Y	Hacker News new \| ask \| show \| jobs

by coffeemug 4121 days ago

Slava @ rethink here.

This is a really interesting subject -- I should do a talk/blog post about this at some point. Here is a quick summary.

RethinkDB's storage engine heavily relies on the notion of immutability/append-only. We never modify blocks of data in place on disk -- all changes are recorded in new blocks. We have a concurrent, incremental compaction algorithm that goes through the old blocks, frees the ones that are outdated, and moves things around when some blocks have mostly garbage.

The system is very fast and rock solid. But...
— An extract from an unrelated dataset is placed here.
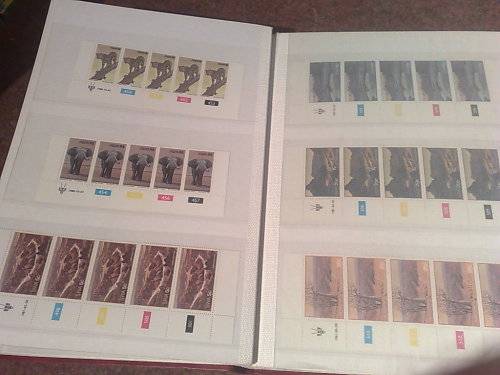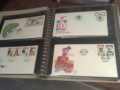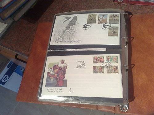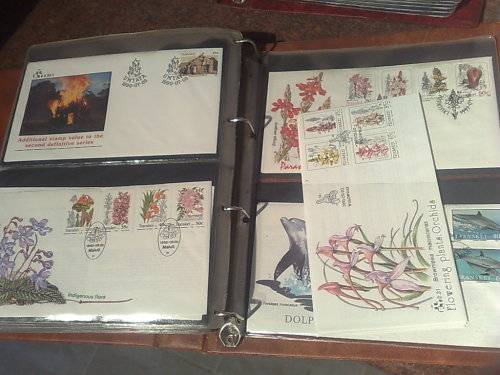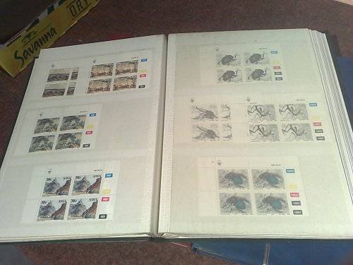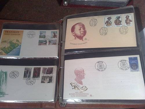 LARGE COLLECTION TO CLEAR-DUE TO POOR STORAGE THE COLLECTION HAS RUST INTRUSION AND LOTS OF DUST AND SOILING-THESE WERE QUALITY ALBUMS AND ONE OR TWO MAY BE USABLE AND THE FDC ALBUMS NEED SOEM CLEANING THEN THEY WILL BE ABLE TO BE USED,AS WERE QUALITY SLEEVES,AND MAINLY JUST DIRTY-BASIC COLLECTION OF 8 STOCKBOOKS WITH RSA AND SWA CONTROLS AND 4 FDC ALBUMS WITH HOMELANDS FIRST DAY COVERS-SEE DESCRIPTION BELOW,AN HONEST DESCRIPTION AS FAR AS POSSIBLE AS I CANNOT CHECK EACH ITEM BUT TRIED TO GIVE A BREAKDOWN-ALTHOUGH MOST ALBUMS AFFECTED THERE ARE MANY CONTROLS AND COVERS THAT LOOK FINE AND CLEAN-I WOULD SAY AROUND 50% PLUS OF ITEMS HERE MAY BE FINE,AND EVEN WHERE CONTROL HAS SOME RUST THE STAMPS CAN BE SALVAGED IN MANY THAT I LOOKED AT-PLUS THE COVERS AT BOTTOM OF ALBUMS ARE MOSTLY CLEAN WITH THE DIRT BEING ON TOP SLEEVE-READ BELOW

Getting a storage engine like that to production state is an enormous amount of work and takes a very long time. Rethink's storage engine is really a work of art -- I consider it a marvel of engineering, and I don't mean that as a compliment. If we were starting from scratch, I don't think we'd use this design again. It's great now, but I'm not sure if all the work we put into it was ultimately worth the effort.

5 comments

boredandroid 4121 days ago

I really think there are a couple of levels of immutability that it is easy to conflate.
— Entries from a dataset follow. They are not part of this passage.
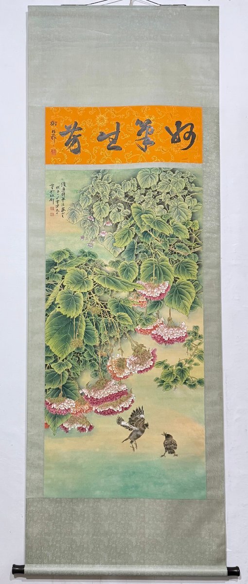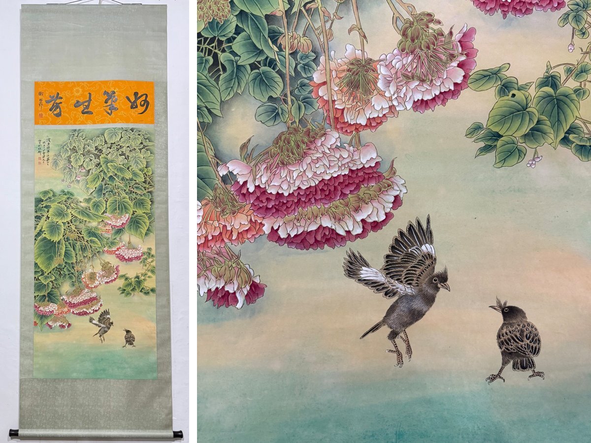 【安】中国近時代画家「張大千書」紙本「花鳥図」掛軸 中国画 墨寶妙品 中国書道 古美術 424 サイズ(約寸) |
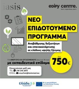 Προγράμματα αναβάθμισης δεξιοτήτων και επανακατάρτισης σε κλάδους υψηλής ζήτησης με έμφαση στις ψηφιακές & πράσινες και οικονομικές δεξιότητες, για Εργαζόμενους- Ανέργους.
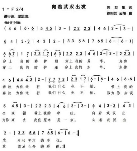 “穿上我的防护服,穿上我的芳华。为你奔波,为你逆行,我们什么都不怕。……”3日,由我市词作家郭万里作词、北京作曲家李云翔和徐明芳谱曲、黄智远演唱的原创歌曲《向着武汉出发》正式上线。该歌曲时长约2分钟,听起来旋律激昂、令人振奋,朴实的歌词更是引人泪目。
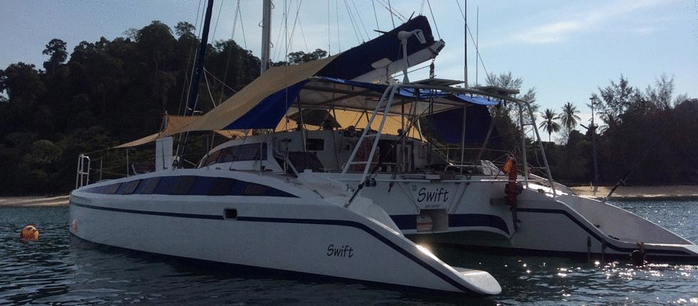 Swift is a 47' sailing catamaran, strongly constructed for racing in the frequently stormy waters off the Brittany coast. She now enjoy's a somewhat more relaxed role after being re-fitted for use as a charter vessel by her present owner.

Specifically immutability for

1. In memory data structures...this is the contention of the functional programming people.

2. Persistent data stores. This is the lsm style of data structure that substitutes linear writes and compaction for buffered in-place mutation.

3. Distributed system internals--this is a log-centric, "state machine replication" style of data flow between nodes. This is a classic approach in distributed databases, and present in systems like PNUTs.

4. Company-wide data integration and processing around streams of immutable records between systems. This is what I have argued for (http://engineering.linkedin.com/distributed-systems/log-what...) and I think Martin is mostly talking about.

There are a lot of analogies between these but they aren't the same. Success of one of these things doesn't really imply success for any of the others. Functional programming could lose and log-structured data stores could win or vice versa. Pat Helland has made an across the board call for immutability (http://www.cidrdb.org/cidr2015/Papers/CIDR15_Paper16.pdf), but that remains a pretty strong assertion. So it is worth being specific about which level you are thinking about.

For my part I am pretty bullish about stream processing and data flow between systems being built around a log or stream of immutable records as the foundational abstraction. But whether those systems internally are built in functional languages, use lsm style data layout on disk is kind of an implementation detail. From my point of view immutability is a lot more helpful in the large than in the small--I have never found small imperative for loops particularly hard to read, but process-wide mutable state is a big pain, and undisciplined dataflow between disparate systems, caches, and applications at the company level can be a real disaster.